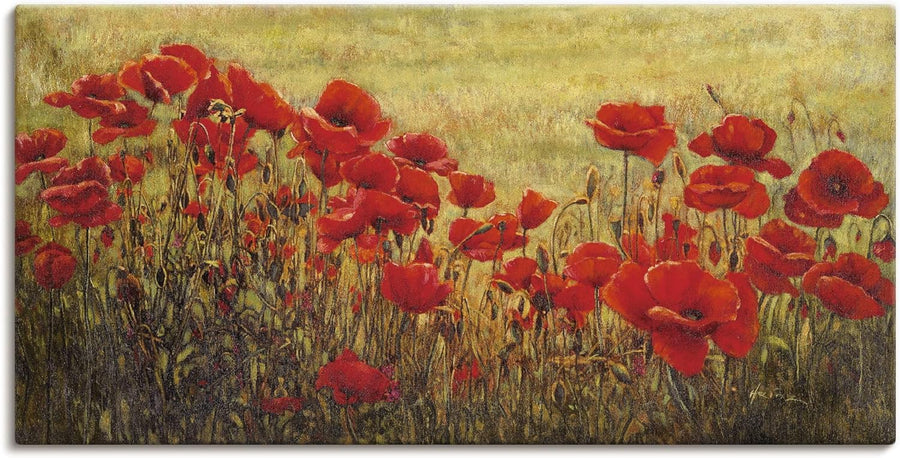 ARTland Leinwandbilder Wandbild Bild auf Leinwand 100 x 50 cm Botanik Blumenwiese Mohnblume Malerei
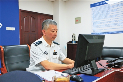 青岛市公安局黄岛分局督察大队副大队长王弘山在工作中。资料图片
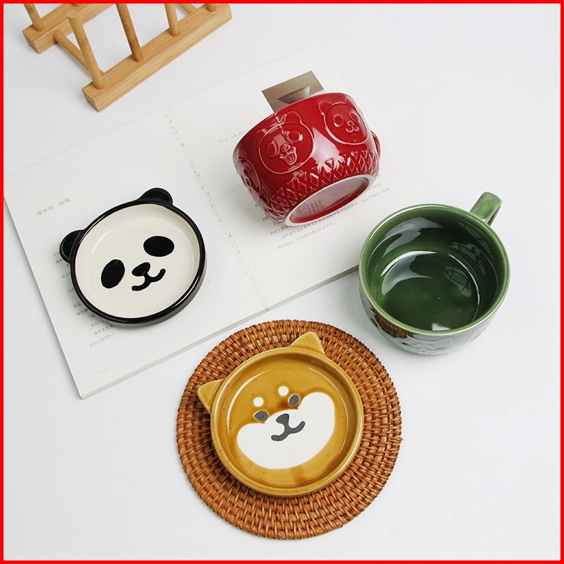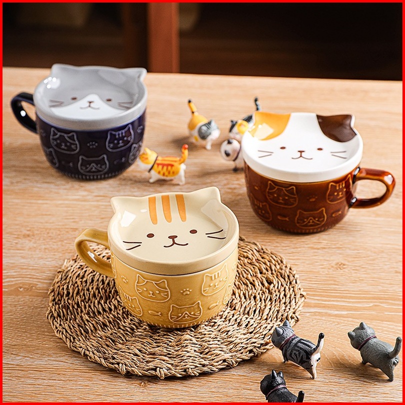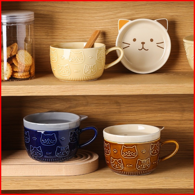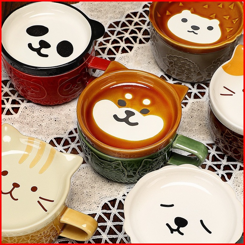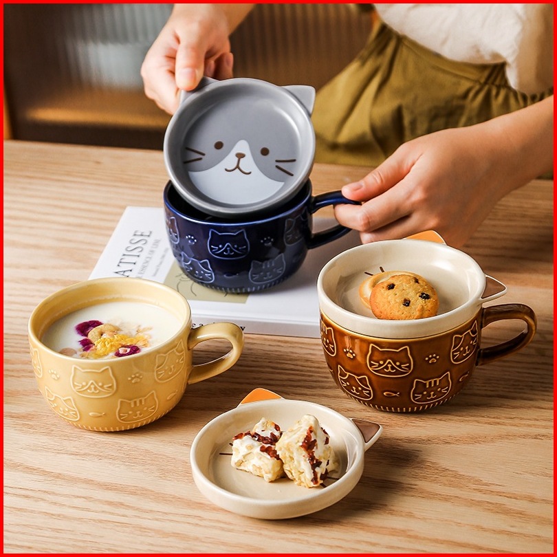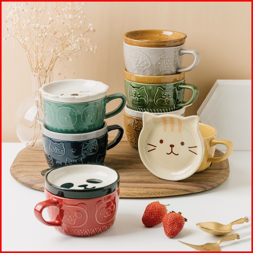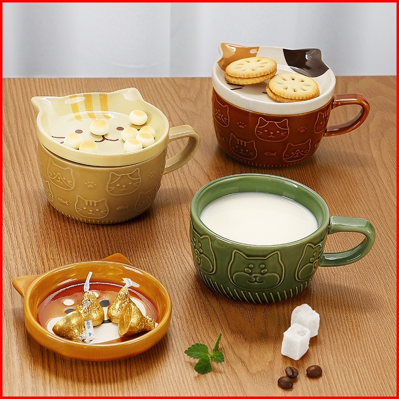 Ready Stock Mug Keramik Kartun 5 Warna Brown Cat Coaster Mug Set Mug Cartoon Kopi Keramik Dengan Tutup Mug Sarapan Lucu
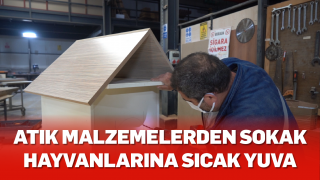 Atık malzemelerden sokak hayvanlarına sıcak yuva
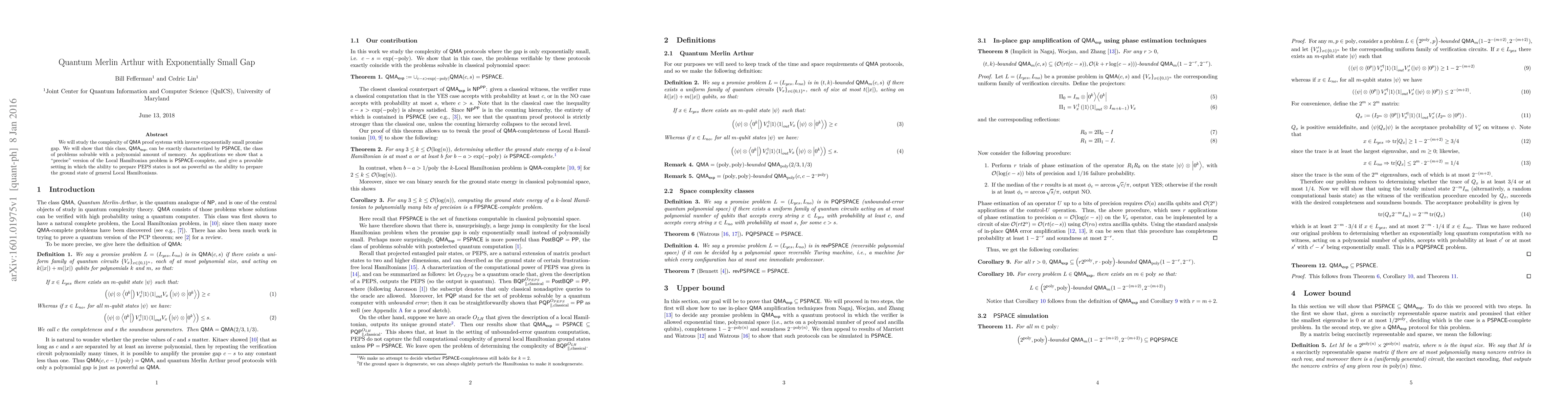 We study the complexity of QMA proof systems with inverse exponentially small promise gap. We show that this class can be exactly characterized by PSPACE, the class of problems solvable with a polynomial amount of memory. As applications we show that a "precise" version of the Local Hamiltonian problem is PSPACE-complete, and give a provable setting in which the ability to prepare PEPS states is not as powerful as the ability to prepare the ground state of general Local Hamiltonians.
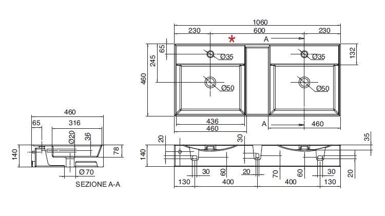 Scarabeo Teorema Umywalka 106x46 biały 8035
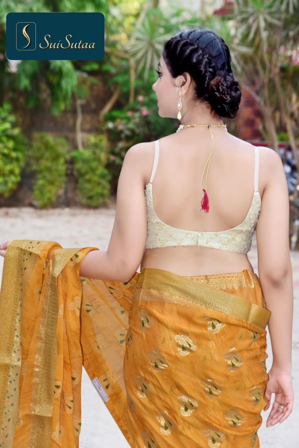 Sunshine Yellow Net Blouse – Playful Elegance with Traditional Charm
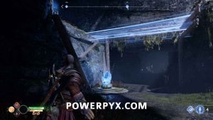 The hardest part is done. Return to the Stone Ancient and you’ll notice a green “orb” stuck in a stone (screenshot #1 below). The bridge of light you just created gives you enough time to carry that green orb over to the other side and put it in the next “orb holder”. Finally, put it in the door where the path ends (screenshot #2). You’ve done this a few times before in Helheim. The green orb can only be grabbed with the Blades of Chaos (
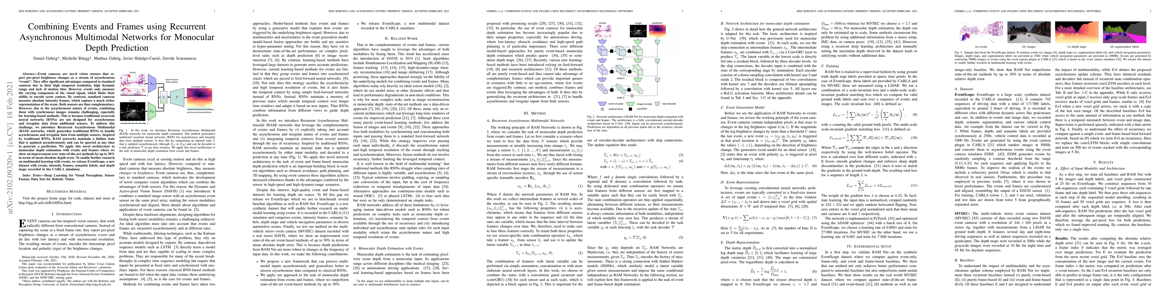 Event cameras are novel vision sensors that report per-pixel brightness changes as a stream of asynchronous "events". They offer significant advantages compared to standard cameras due to their high temporal resolution, high dynamic range and lack of motion blur. However, events only measure the varying component of the visual signal, which limits their ability to encode scene context. By contrast, standard cameras measure absolute intensity frames, which capture a much richer representation of the scene. Both sensors are thus complementary. However, due to the asynchronous nature of events, combining them with synchronous images remains challenging, especially for learning-based methods. This is because traditional recurrent neural networks (RNNs) are not designed for asynchronous and irregular data from additional sensors. To address this challenge, we introduce Recurrent Asynchronous Multimodal (RAM) networks, which generalize traditional RNNs to handle asynchronous and irregular data from multiple sensors. Inspired by traditional RNNs, RAM networks maintain a hidden state that is updated asynchronously and can be queried at any time to generate a prediction. We apply this novel architecture to monocular depth estimation with events and frames where we show an improvement over state-of-the-art methods by up to 30% in terms of mean absolute depth error. To enable further research on multimodal learning with events, we release EventScape, a new dataset with events, intensity frames, semantic labels, and depth maps recorded in the CARLA simulator.
===============
WHAT TO DO >> No picture is to be printed. Output exactly the lines above from the line containing "Ready Stock Mug" through the line containing "Sunshine Yellow Net".

THE ANSWER >>
 Ready Stock Mug Keramik Kartun 5 Warna Brown Cat Coaster Mug Set Mug Cartoon Kopi Keramik Dengan Tutup Mug Sarapan Lucu
 Atık malzemelerden sokak hayvanlarına sıcak yuva
 We study the complexity of QMA proof systems with inverse exponentially small promise gap. We show that this class can be exactly characterized by PSPACE, the class of problems solvable with a polynomial amount of memory. As applications we show that a "precise" version of the Local Hamiltonian problem is PSPACE-complete, and give a provable setting in which the ability to prepare PEPS states is not as powerful as the ability to prepare the ground state of general Local Hamiltonians.
 Scarabeo Teorema Umywalka 106x46 biały 8035
 Sunshine Yellow Net Blouse – Playful Elegance with Traditional Charm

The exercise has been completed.